While France’s Paul Reynaud and Britain’s Sir John Simon put their heads together to strengthen the external economy of the Allies (see above), one of Britain’s leading economists advanced a notable plan to strengthen Britain’s internal economy, to help pay for the war while it is being fought, to help smooth the economic bumps which must be felt when it is over. Author was “The Stinger in the Triple Bromide”—Economist John Maynard Keynes, who, as a member of the Economic Advisory Council and secretary of the Royal Economic Society, frequently stimulates the thinking of Britain’s financial triumvirate: Chancellor of the Exchequer Sir John Simon, Governor Montagu Norman of the Bank of England, and Lord Stamp, the Bank’s most celebrated director.

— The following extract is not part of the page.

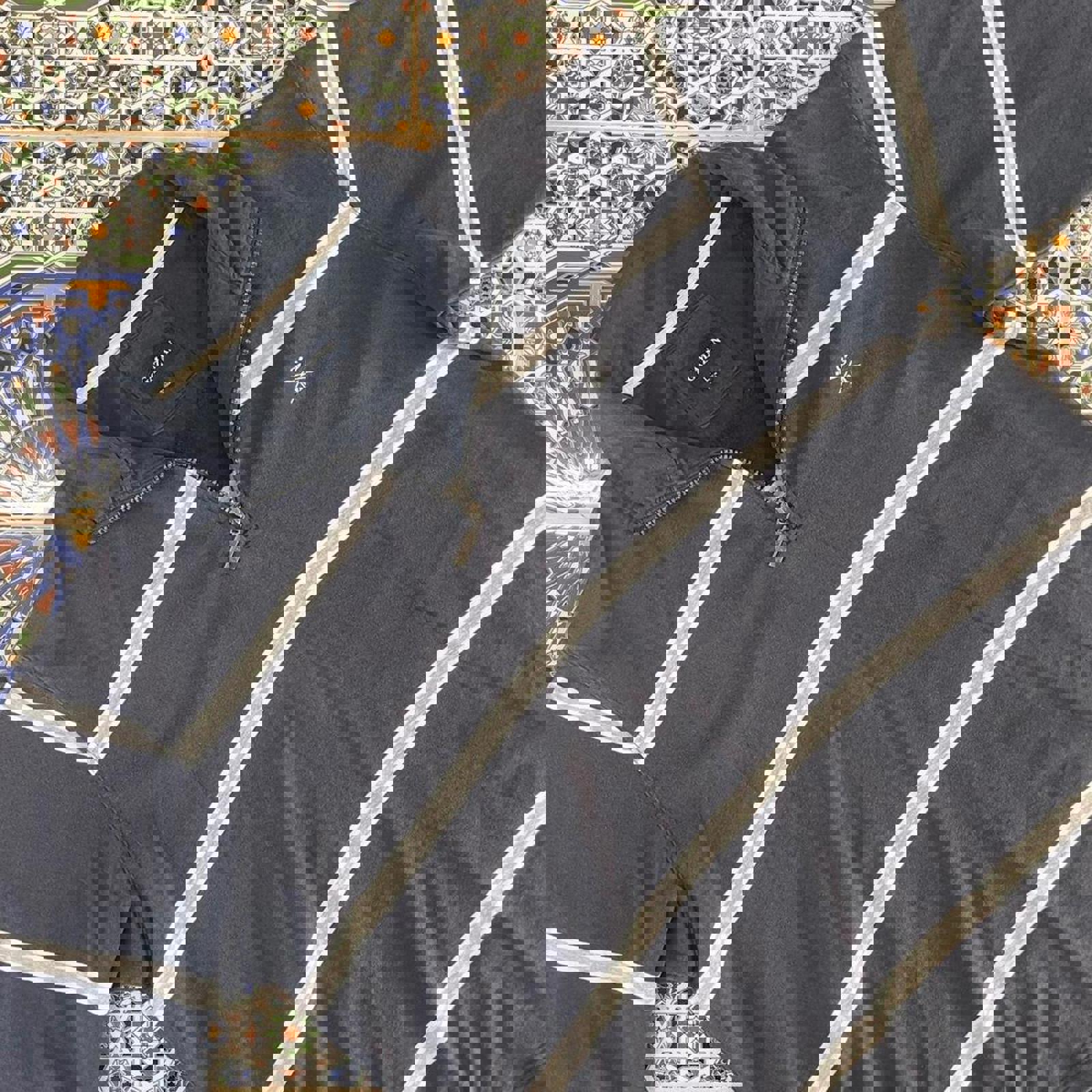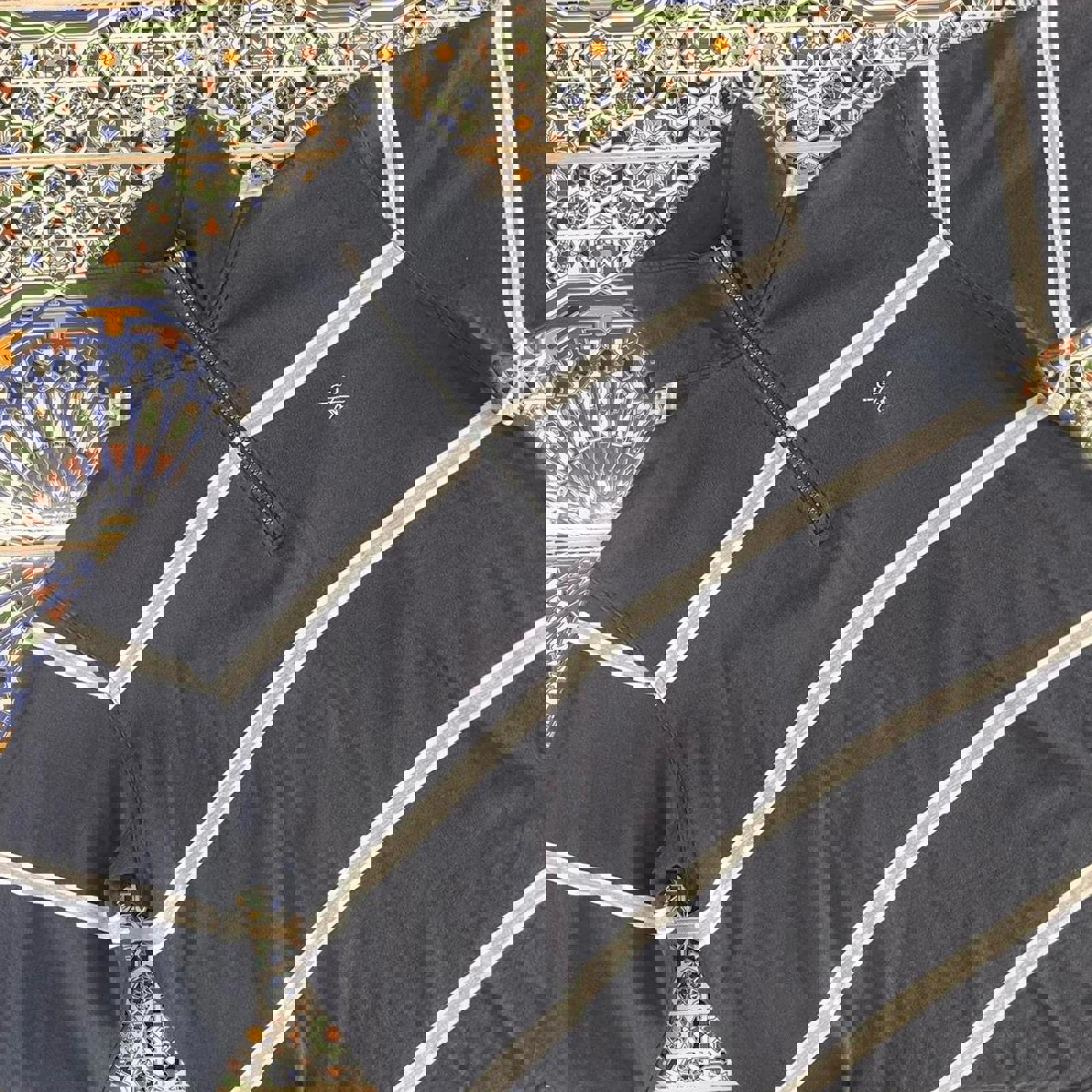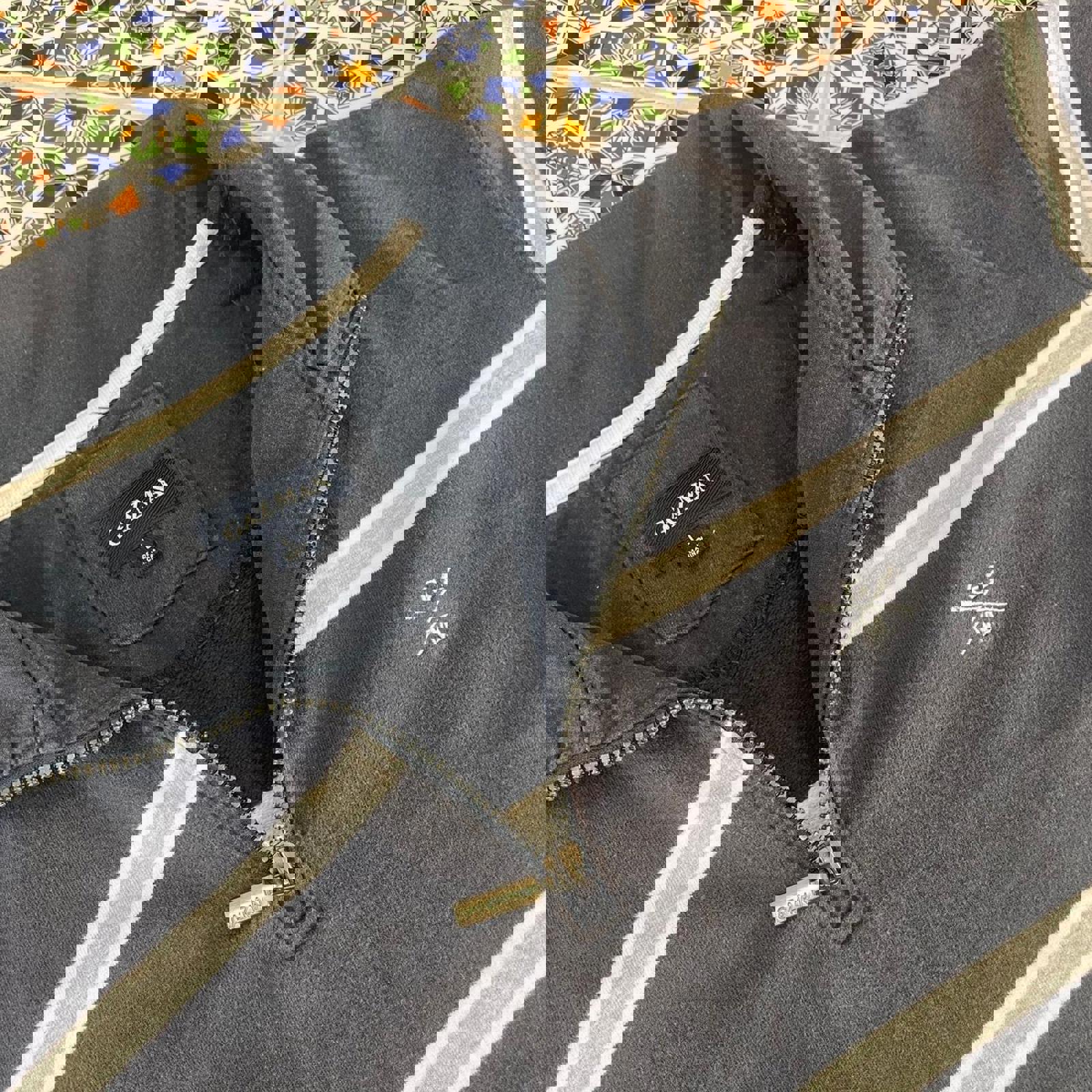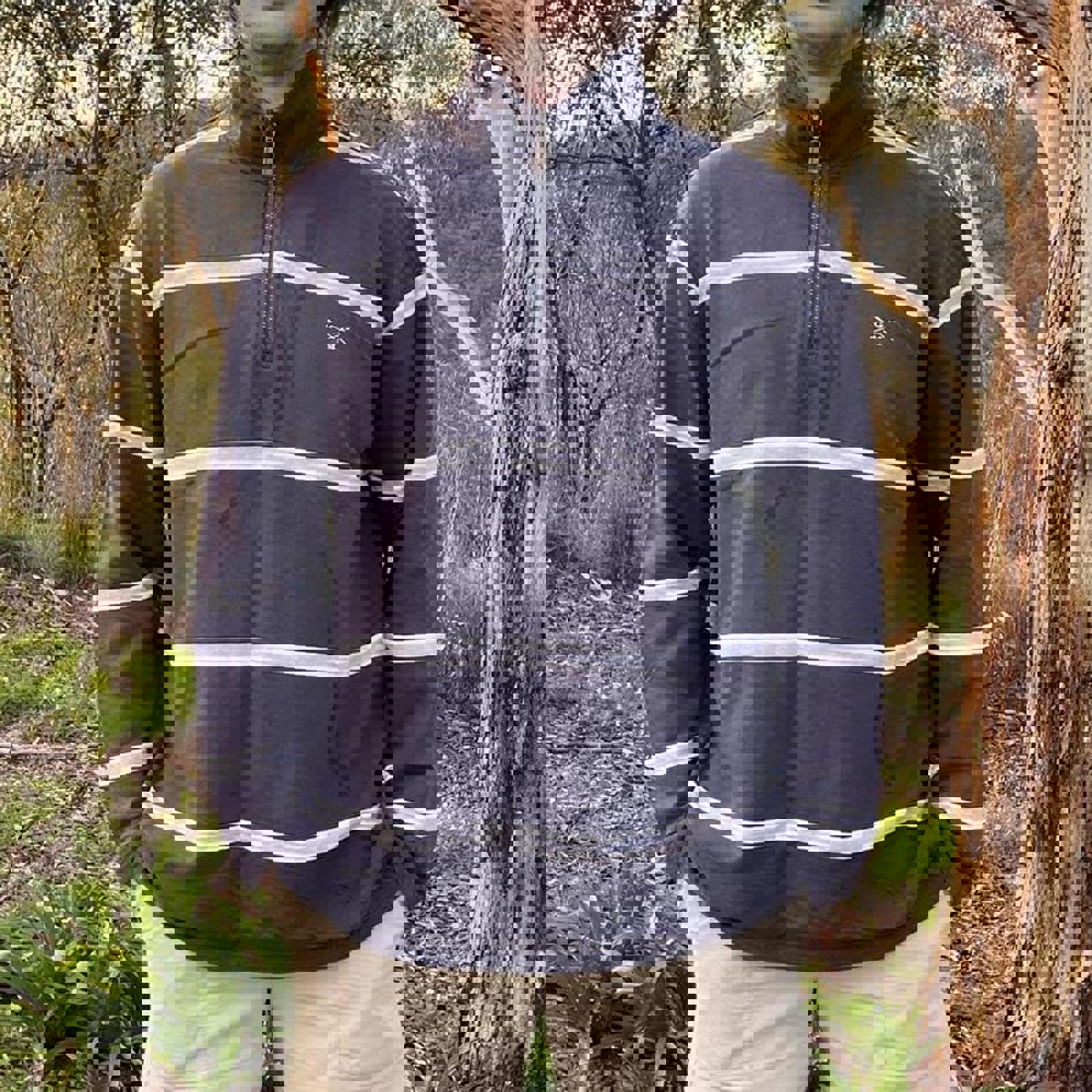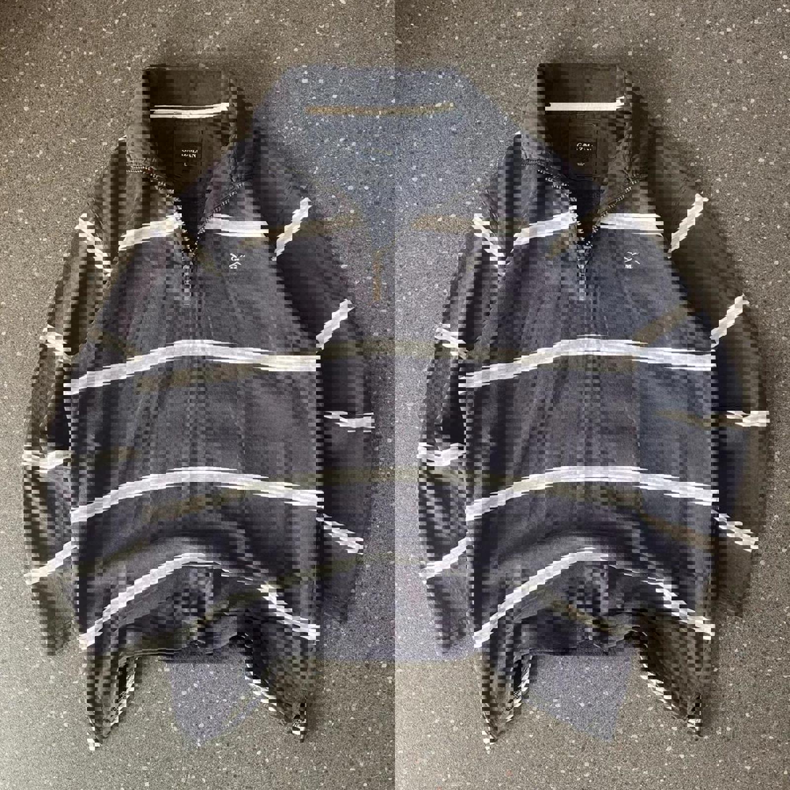 Navy, grey and white striped Gazman 1/4 zip jumper with an embroidered logo on the chest

Economist Keynes addressed to the semiofficial London Times two articles to which that august organ gave full space and a respectful editorial. His idea was that Britain should apply a forced loan scheme to all her income earners. As military production goes up in the Government-financed war cycle, production of consumer goods will go down, the cost-of-living will rise.

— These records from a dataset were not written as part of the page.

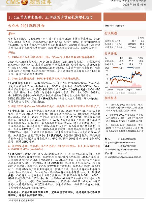 【海通证券】【20250116】台积电24Q4跟踪报告-3、5nm节点需求强劲,AI加速芯片贡献长期增长动力-11页 行业研究
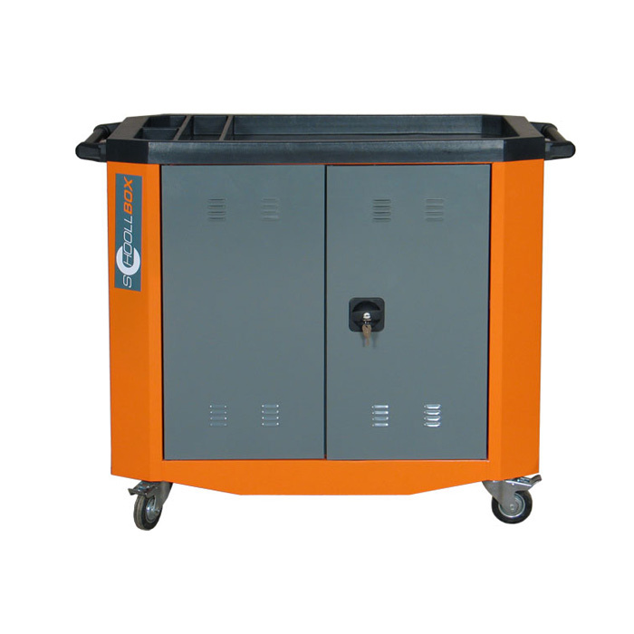 Тележка состоит из металлического корпуса . Внутри корпуса располагаются две полки с сетчатыми перегородками для размещения ноутбуков (максимум по 15 ноутбуков на каждой полке). Внутреннее отделение закрывается двумя дверьми с ригельным замком. Сетчатые перегородки съемные, позволяющие оптимально организовать внутреннее пространство, при количестве ноутбуков менее 30 штук.
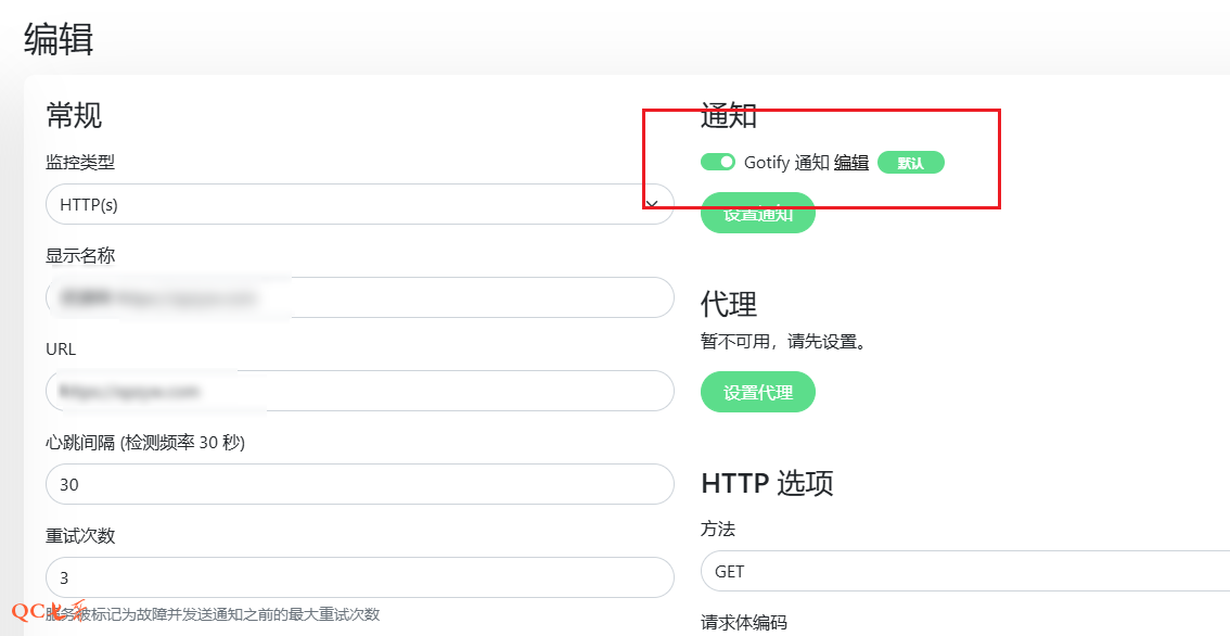 点击一个已有的监控项,点击 编辑,查看监控项的配置信息,可以发现已经自动开启了 Gotify 通知

High war prices, caused by money being a lot more plentiful than goods, are already beginning to worry Great Britain. Economist Keynes’s plan had a particular appeal as a price-keeper-downer since it would lock up money that would otherwise be spent. To keep down the price of consumer goods, to temper the war inflation for those who do not enjoy its upward effect on wages and speculative profits, Mr. Keynes proposed a double levy on all incomes, one part to consist of tax, the other of low-interest (2½%) loan to the Government, to be deposited at the Post Office Savings Bank and redeemed only after hostilities cease (except for personal dire emergency). On small incomes, the tax levy would be low, the loan levy high. Example: on £500 of income, a total of £105 (21%) might be levied, £77½ to be loan credit, £27½-to be tax. On £20,000 income, the total levy might be £16,000 (80%), of which £13,000 would be tax, £3.000 loan credit.

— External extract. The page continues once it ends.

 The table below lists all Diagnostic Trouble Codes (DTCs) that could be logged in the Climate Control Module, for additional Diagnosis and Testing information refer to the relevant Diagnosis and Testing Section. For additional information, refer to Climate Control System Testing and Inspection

Mr. Keynes added that British soldiers’ pay might be raised similarly, by “the reward of deferred consumption” instead of cash. Instead of more pay now, Tommies would receive savings certificates (“bonus”) which, when war ends, would enable them to share in the increase of consumer goods which would then ensue, thus benefiting both themselves and the national economy.
London’s “City” viewed this Keynes Plan askance as “totalitarianism.” The Times feared it would decrease production of consumer goods at a time when unemployment is still high, but said the plan “deserves the most serious examination.” To Tommy in the trenches, it sounded fine.